The Real Match Rate? US DO Students Match Into Orthopaedic Surgery at Significantly Lower Rates than US MD Students Despite Single Accreditation.
Background: Orthopaedic surgery remains one of the most competitive residency matches for both senior allopathic (MD) and senior osteopathic (DO) medical students. Despite the completion of a transition to single accreditation of residency programs accredited by the American Osteopathic Association and the Accreditation Council for Graduate Medical Education in 2020, little is known about the subsequent impact of this new environment for DO and MD orthopaedic applicants. The purpose of this study was to evaluate the differences between MD and DO match rates using both Electronic Residency Application Service (ERAS) and National Residency Matching Program (NRMP) data.
Methods: ERAS applicant data from 2020 to 2023 specific to orthopaedic surgery were obtained from the Association of American Medical Colleges. NRMP data were queried for the same years. Both NRMP (unadjusted) and ERAS (adjusted) match rates were calculated and compared for each year and cumulatively. In addition, the proportion of ERAS applicants that failed to rank orthopaedic surgery in the NRMP was calculated and compared between senior MD and senior DO applicant groups.

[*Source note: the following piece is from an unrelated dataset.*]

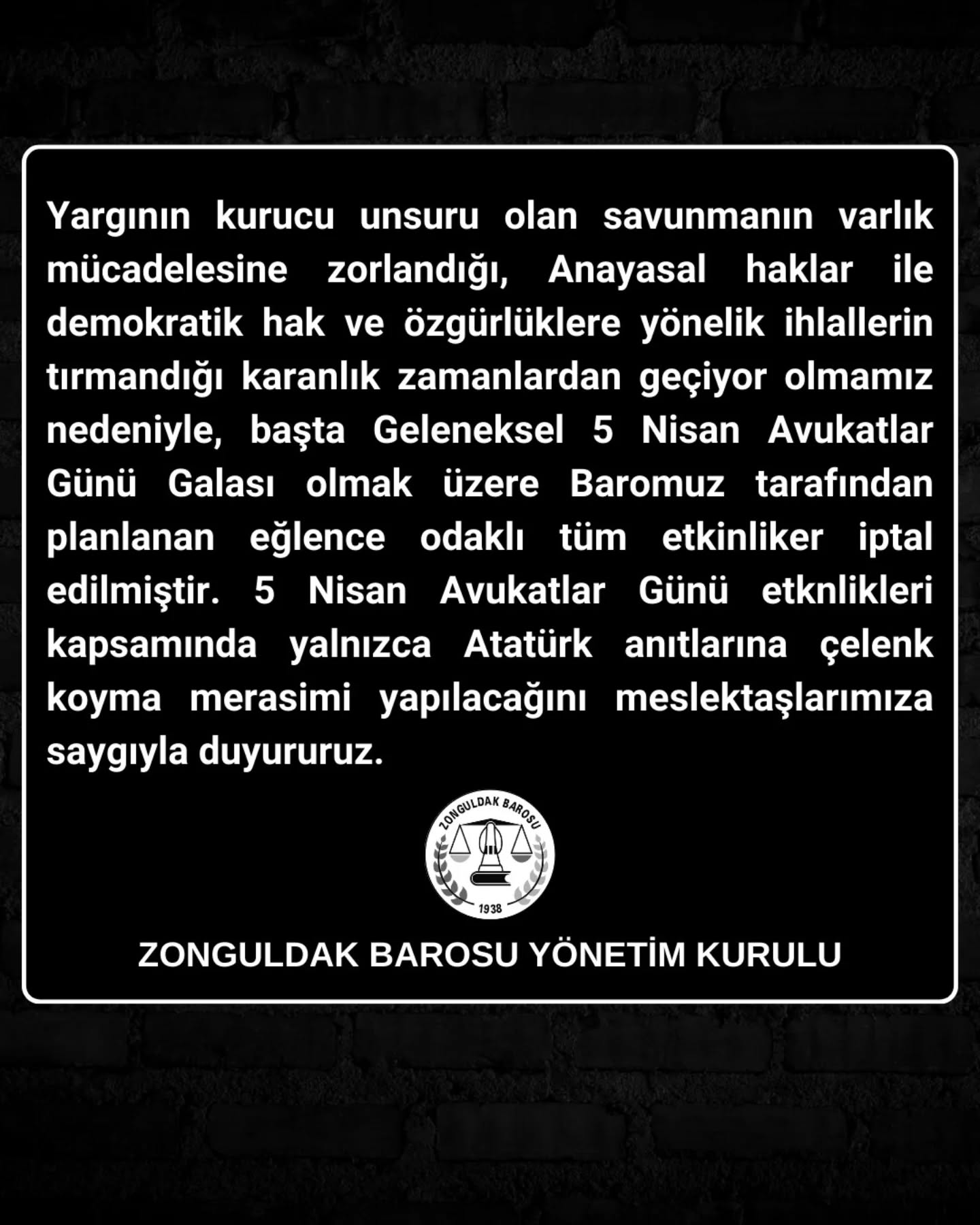 Zonguldak Barosu, İstanbul Büyükşehir Belediye Başkanı Ekrem İmamoğlu ile birlikte Şişli Belediye Başkanı Resul Emrah Şahan ve Beylikdüzü Belediye Başkanı Mehmet Murat Çalık’ın aralarında bulunduğu çok sayıda kişinin "yolsuzluk" soruşturması kapsamında tutuklanmasının ardından 5 Nisan Avukatlar Günü dolayısıyla yapılması planlanan Gala ve eğlence etkinliklerini iptal etme kararı aldıklarını açıkladı. Barodan yapılan açıklama şöyle: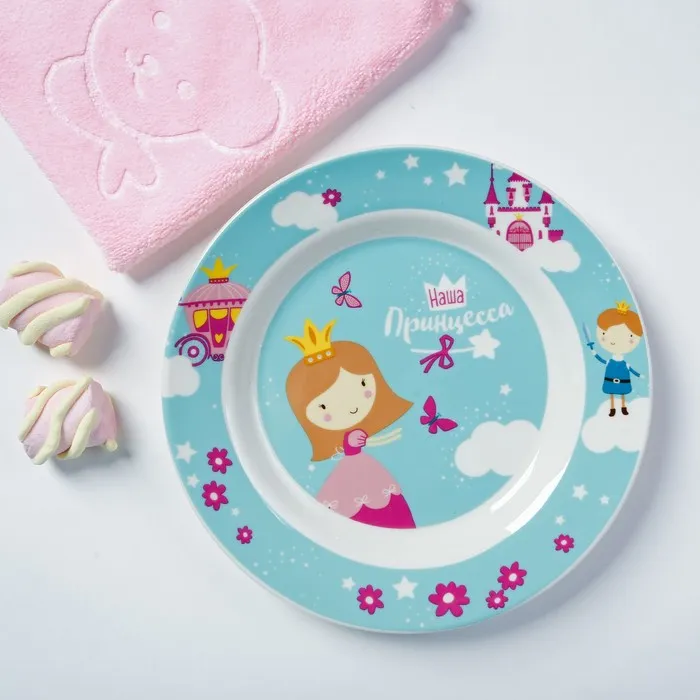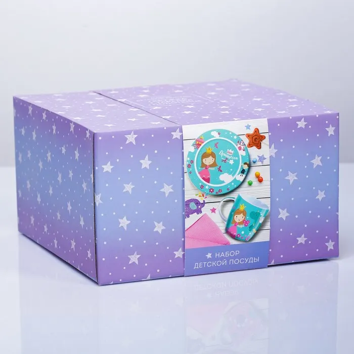 Детская посуда, набор «Принцесса»: кружка 250 мл, тарелка Ø 17 см, полотенце 15×15 см — Характеристики

Results: From 2020 to 2023, the unadjusted match rate dropped for MDs (79% vs 73%, p = 0.002) and DOs (63% vs 50%, p = 0.009). Adjusted match rates over this time were not different for MDs (59% vs 57%, p = 0.22) or DOs (39% vs 37%, p = 0.67). Overall, the unadjusted and adjusted match rate for DO applicants was lower than MD across all years (p < 0.05). For every year except 2023 (p = 0.15), a larger proportion of US DO senior students with ERAS applications did not submit a final NRMP rank list for orthopaedics (p < 0.05).
Conclusions: Aspiring DO orthopaedic surgeons have lower match rates and higher rates of abandoning plans to apply for orthopaedic surgery between ERAS application and NRMP compared with their US MD peers despite single accreditation. Active identification of bias, orthopaedic mentorship, and focused advising may help prepare qualified applicants for competitive specialty matches.
Level of evidence: Level III. See Instructions for Authors for a complete description of levels of evidence.